Split Web Pages into Multiple Documents
You might want to split pages into multiple documents. For example, if you ingest pages from a discussion board you might want to ingest one document for each message on the page.
Connector Framework Server can create documents for sections of a Web page identified using CSS selectors. CFS creates a child document for each section of the page that is identified. Metadata fields (named CHILD_DOCUMENT
) are added to the parent document, to refer to the child documents.
To split pages into multiple documents, add the following parameters to your WKOOPHtmlExtraction
task:
ChildDocumentSelector
|
A CSS2 selector that identifies the root element of each child document in the page source. |
ChildReferenceSelector
|
(Optional) An element in the child document that contains a value to use as the document reference. The value you extract should be unique for each child document, because it is used as part of the DREREFERENCE field in the child document. If you do not set this parameter, the connector uses a GUID. Specify the element using a CSS2 selector, relative to the element identified by ChildDocumentSelector . |
For example, consider the following example page which represents messages on a page of a discussion board:
<html> <head> <title>Example Page</title> <meta charset="utf-8"> </head> <body> <div> <h1>Example Page</h1> <div class="content"> <p>content</p> </div> <div class="message"> <h1>Message 1</h1> <p class="meta">some metadata</p> <p>some content</p> </div> <div class="message"> <h1>Message 2</h1> <p class="meta">some metadata</p> <p>some content</p> </div> ... </div> </body> </html>
To create separate documents for the messages contained on this page, you could use the following configuration:
[MyTask] ... ChildDocumentSelector=div.message ChildReferenceSelector=h1
This example would produce the following child document (and a similar document for the second message):
#DREREFERENCE <current_document_reference>:<child_reference> ... #DRECONTENT Message 1 some metadata some content ...

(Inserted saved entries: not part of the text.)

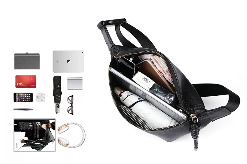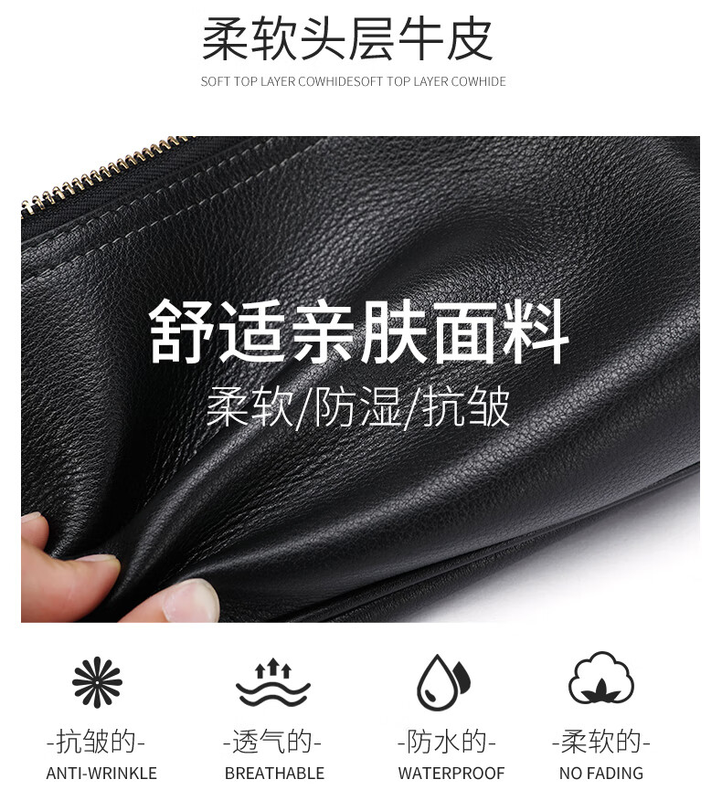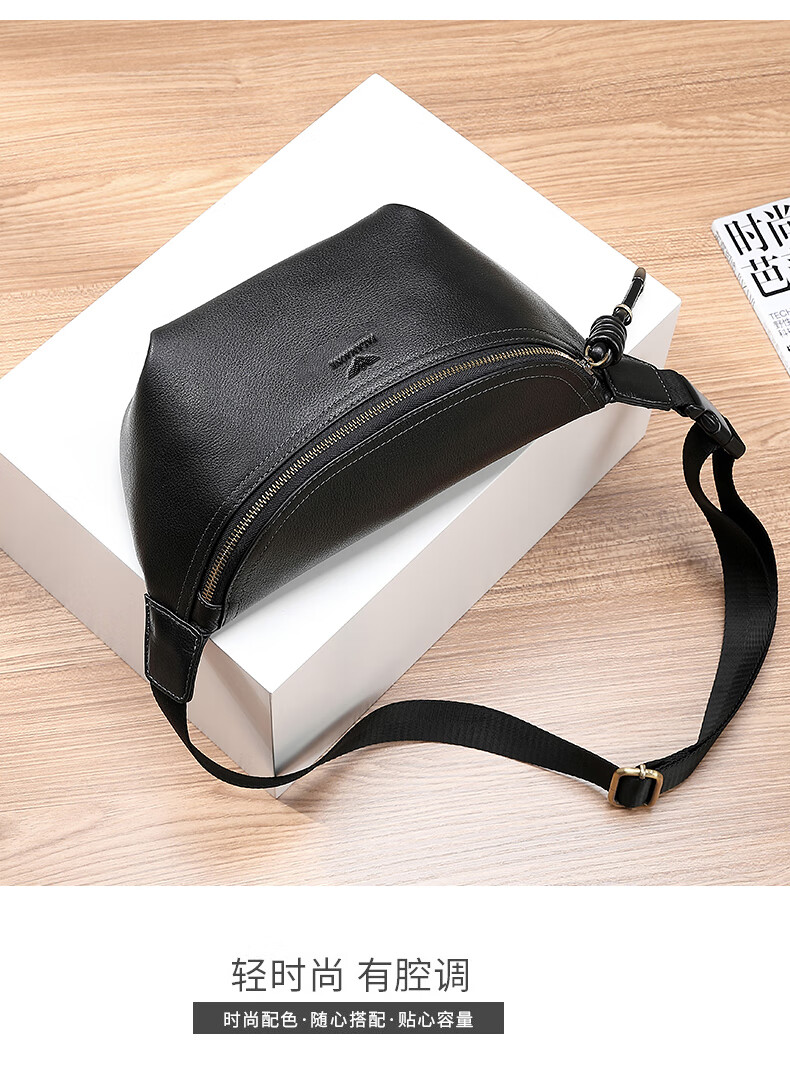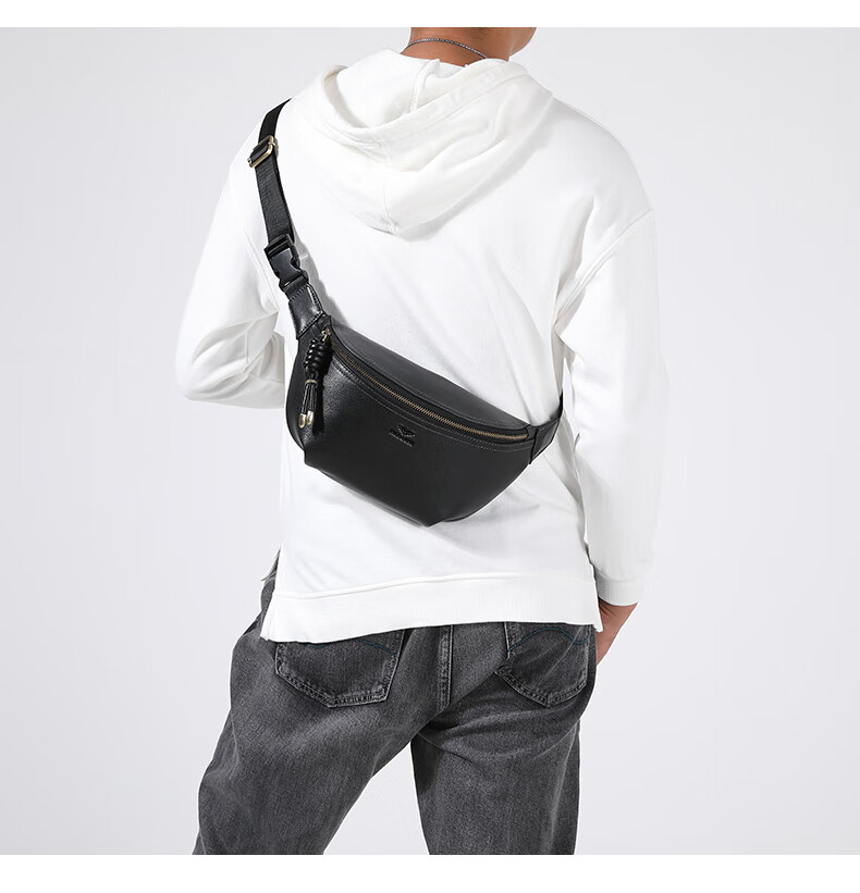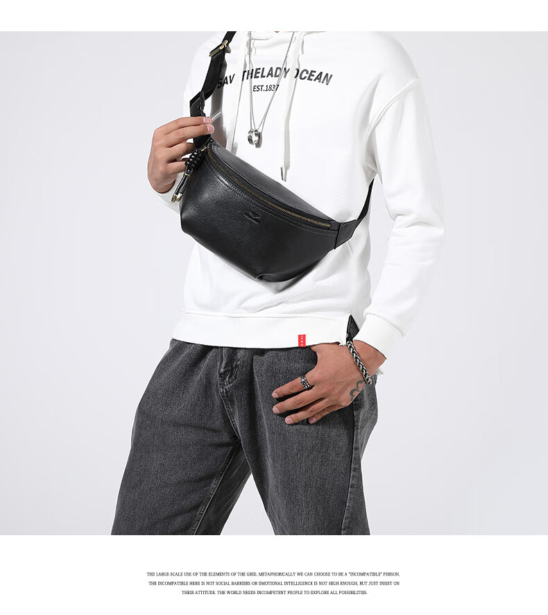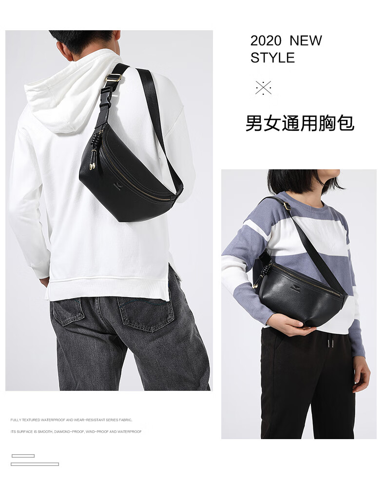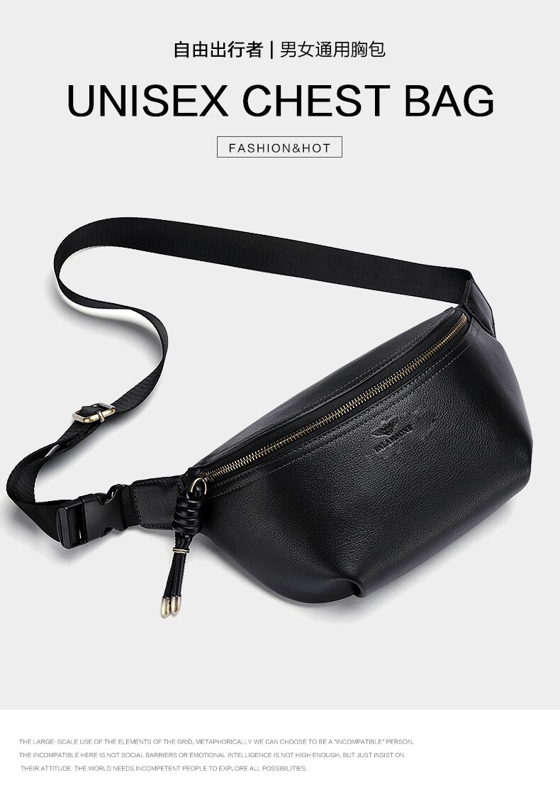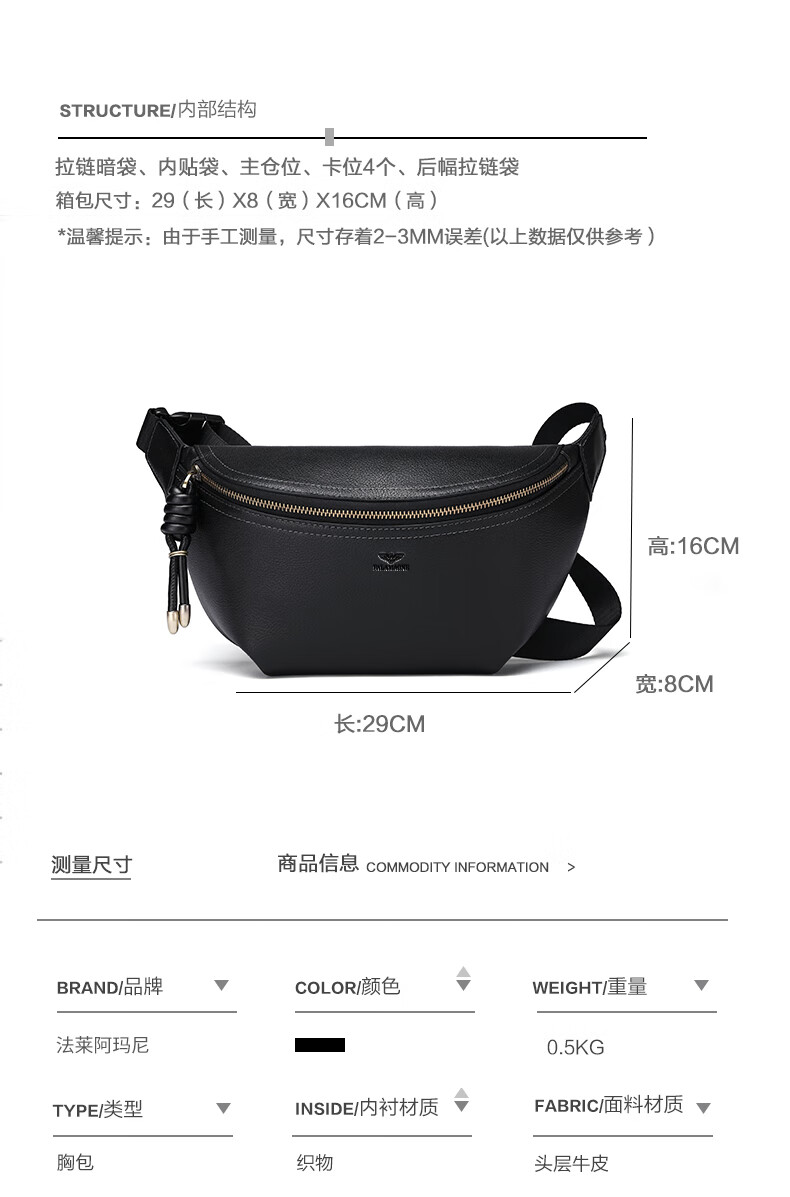 法莱阿玛尼正品时尚真皮男士斜挎包潮流头层牛皮胸包男包 黑色203
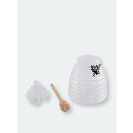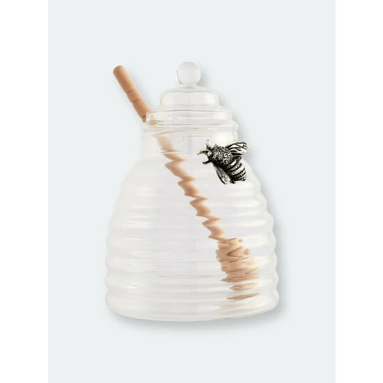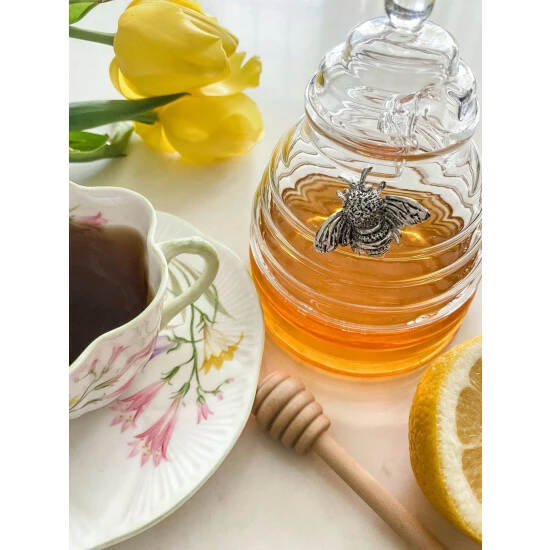 Our unique honey pot with dipper designed by our artists at Arthur Court will be your new favorite way to enjoy honey. The beautiful honey pot shape is inspired by the natural beehive and features a hand-crafted bee sculpture that adds a charming accent.The honey dripper is made of wood, holds just the right amount of honey, and is designed to perfectly fit at the side of the jar. The decorative honey container will keep your nectar fresh and ready for every enjoyable moment.
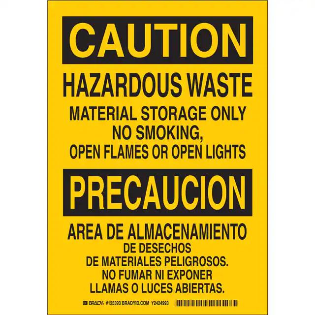 This is manufactured by Brady Corporation. The manufacturer part number is 125391. Label with a size of 10.00" l x 7.00" w (254.0mm x 177.8mm). The product is not applicable. It is assigned with possible HTSUS value of 8310.00.0000. It is shipped in bulk. It has a classic black legend, yellow background colour. The product brady®, is a highly preferred choice for users. The product is made from highly stable and reliable aluminum. In addition, it is reach affected. Its typical moisture sensitivity level is not applicable. A bespoke label is a caution/precaucion. hazardous waste material storage only no smoking, open flames or open lights/area de almacenamiento de d.. label. The product is suitable for use with fire. It has a long 4 weeks standard lead time. The product is designated with the ear99 code number
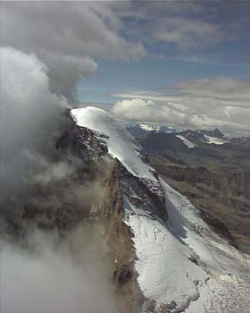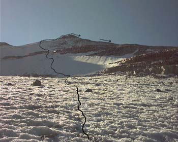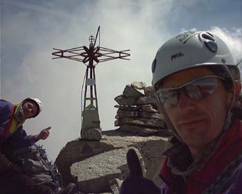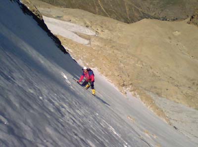 In sintesi, siamo partiti da Pont, Valsavaranche (1960m) alle 5:00, c'era un freddo cane quindi benissimo! Arrivati al rif. V.Emanuele, fatta la seconda colazione, abbiamo avvisato il gestore del nostro itinerario. Ripartiti, abbiamo raggiunto la base del versante camminando su detriti e rocce montonate guidati da ometti di pietra. Abbiamo scelto l'attacco che ci sembrava migliore, indossati imbragature, ferraglie, corda e cordini, abbiamo attaccato il ghiacciaio ed, attraversati un paio di grossi crepacci, ci siamo portati sotto il primo tratto (il più ripido, 40°-45° circa) salendo il pendio sulla destra. Poi un piccolo traverso verso sin (foto qui sopra) ed abbiamo attraversato qualche roccetta un tempo ricoperta dal ghiacciaio. Risalito il pendio finale, ci siamo spostati a sin sulla cresta nord-nord-est (molto più bello che spostarsi a dx sulla via normale) e da lì abbiamo raggiunto dritti la cima (3609m) ...dopo circa 8 ore dalla partenza!
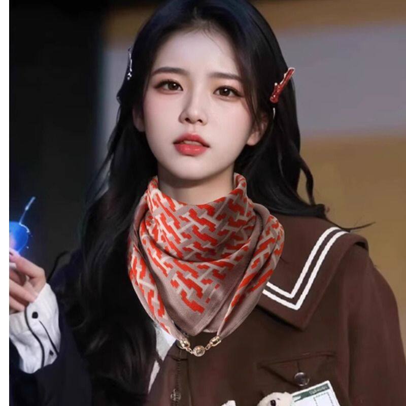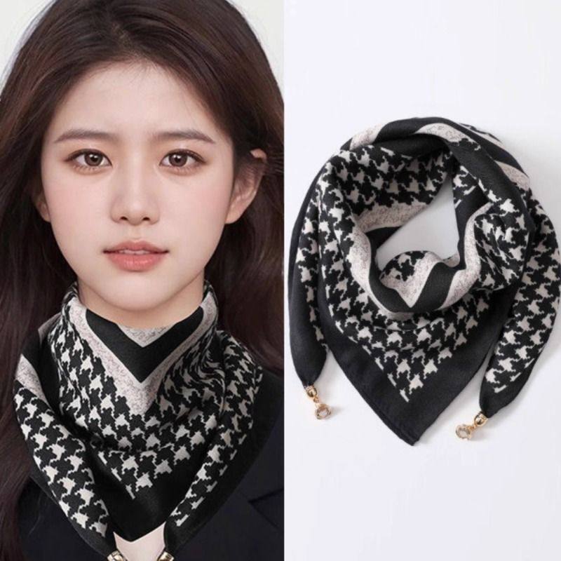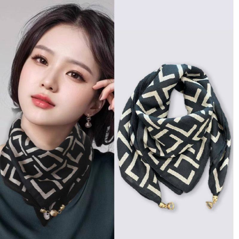 2025新款磁吸扣丝巾女方巾护颈保暖围脖三角百搭薄款围巾小方棉麻
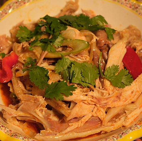 大皿に盛られた鶏肉は、その存在感で圧倒される。スパイシーな香りが漂い、一口食べると驚くほどのジューシーさに感動します♪しっかりとした味付けが肉の旨味を引き立て、食欲をそそること間違いなし!友人とシェアすることで、より一層楽しめます♪Sサイズ(2~3人前)2980:円 Lサイズ(4~5人前):3980円(共に税込)
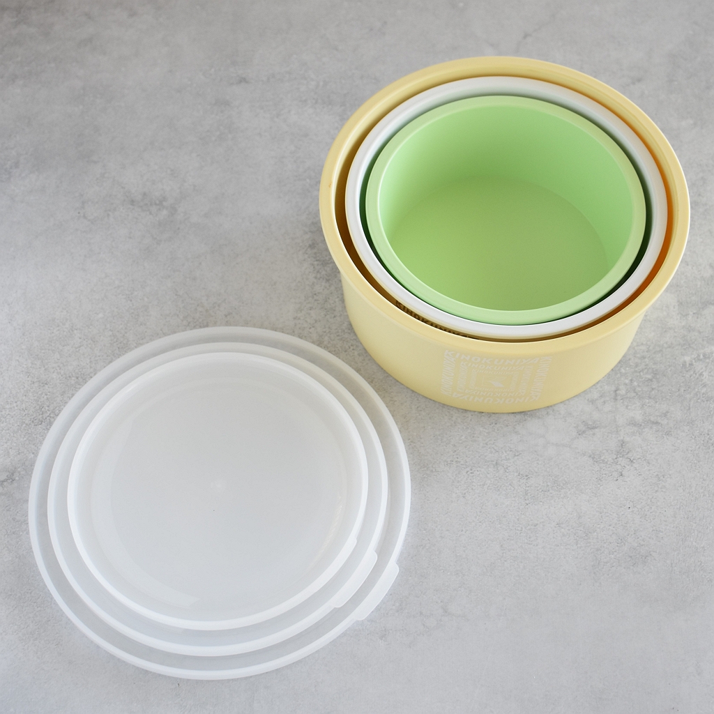 樹脂素材で軽く、割れにくく、空になったら入れ子にできるので、お弁当箱にも良さそうです。
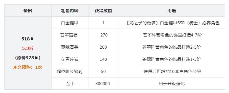 白金铠甲礼包评测:
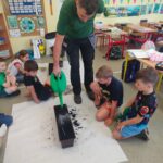 W poniedziałek, 20 maja 2024 r., uczniowie klasy 2d zamienili się w ogrodników. Przy pomocy profesjonalisty (taty jednego z naszych uczniów- p. Tomasza), posadzili rośliny w przygotowanych wcześniej doniczkach z ziemią. Były to między innymi: mięta, bazylia, rzodkiewka, fasola, sałata, itp. Wszyscy podjęli się bardzo odpowiedzialnego zadania pielęgnacji roślinek. Zobowiązali się do systematycznego ich podlewania i doglądania. Sadzenie poprzedziła pogadanka o warunkach i etapach rozwoju roślin. Dzieci będą miały możliwość codziennej obserwacji efektów swojej pracy. Z niecierpliwością czekają na możliwość pełnienia dyżurów i śledzenia wzrastania roślinek.

The value of the DREREFERENCE
field is constructed from the reference of the original document and the value of the element identified by the ChildReferenceSelector
configuration parameter. If you don't set this configuration parameter or the element is not found, CFS uses a GUID instead.
CFS adds the reference of the original document to the fields DREPARENTREFERENCE
and DREROOTPARENTREFERENCE
. It also adds an HTML_PROCESSING
metadata field that contains any metadata and links that are extracted from the child document.
The DRECONTENT
field is populated with text extracted from the HTML elements that you identified as belonging to the child document.
Connector Framework Server automatically adds fields to the parent document, named CHILD_DOCUMENT
, that contain the references of associated child documents.